The existing sampling algorithms aim at an imbalanced dataset, which is only synthesized or deleted from the data level, and don't take into account the abnormal data existing in the real data. Most of the data will have errors from collection or measurement, resulting in abnormal points in the data. When there are outliers in minority data, the traditional sampling algorithm is not sensitive to outliers. If these outliers are ignored, the samples synthesized by the sampling algorithm will be distributed incorrectly, and the synthesized data will not be conducive to classifier classification, which will significantly reduce the classification effect of the machine learning algorithm.

In this paper, an outlier-resistant sampling algorithm iF-ADASYN based on the isolation Forest (iForest) [[7]] is proposed. Aiming at the disadvantage that the ADASYN algorithm is vulnerable to outliers, the iForest algorithm is used to improve the ADASYN algorithm, and the machine learning algorithm is used to classify the resampled data. In the proposed method, the iF-ADASYN algorithm deal with the imbalanced dataset problem, eliminate the influence of outliers on the sampling algorithm, sample the minority class data to improve the data distribution and increase the accuracy of the algorithm. The main contributions of this paper are as follows:

1) Based on the ADASYN algorithm, we propose an iF-ADASYN sampling algorithm by introducing the iForest algorithm to overcome the defect that it is susceptible to outliers.

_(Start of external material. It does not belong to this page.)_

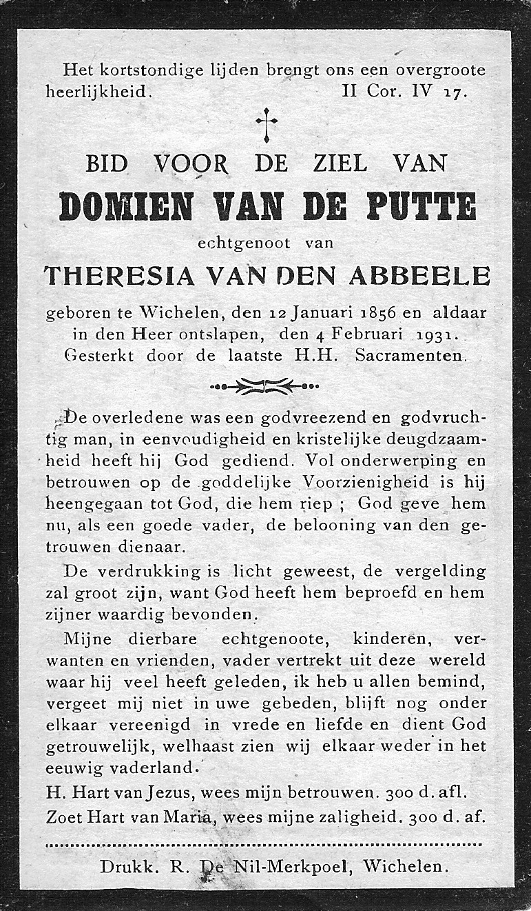 Overlijden van grootvader van vaders kant | Dominicus Van de Putte 4 februari 1931 (Leeftijd 5 jaar) |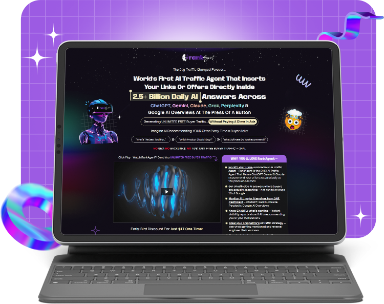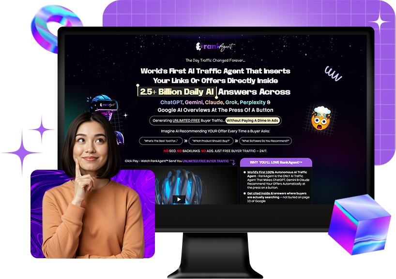 - Lifetime Access to RankAgent AI Traffic Agent - world's first fully autonomous AI Traffic Agent That Places Your Offers or Links Inside AI Answers Across: ChatGPT, Claude, Gemini, Grok, Perplexity & Google AI Overviews, Sending You FREE, High Intent Buyer Traffic Without Spending A Dime on Ads..-- WORTH: $297/month

2) An anomaly index calculation method is proposed, this method can delete accurately the outliers of sample data by evaluating the outliers of minority class samples in iForest;

3) We use four UCI public datasets for comparative experiments, and apply the iF-ADASYN algorithm to the real thrombosis dataset, complete the prediction of thrombosis and obtain better classification results. It assists medical work, provided certain reference results for thrombosis prediction, and reduces the harm of thrombosis after orthopedic surgery.

2. Related works

At present, the research on the processing of imbalanced datasets focuses on two aspects: sampling methods and classification algorithms. The sampling methods try to balance positive and negative classes by modifying the distribution of the dataset itself, which can be divided into Under-sampling, Over-sampling, and Hybrid sampling. Undersampling removes random samples from the majority class to balance data, while the remaining unselected samples are ignored [[8]]. Therefore, undersampling can obtain an equal number of samples and make classifier training faster. For instance, the compressed nearest neighbor rule [[9]] and unilateral selection [[10]] method. This method reduces the number of negative class to balance data, but it may lose most of the important information contained in the data. Wu et al. [[12]] extracted support vectors that play a key role in classification according to class overlap, and proposed a method of undersampling based on the class overlap, which effectively overcomes the problem that undersampling is easy to lose important sample information. Galar et al. [[13]]proposed random undersampling and Boosting algorithms to deal with imbalanced data distribution.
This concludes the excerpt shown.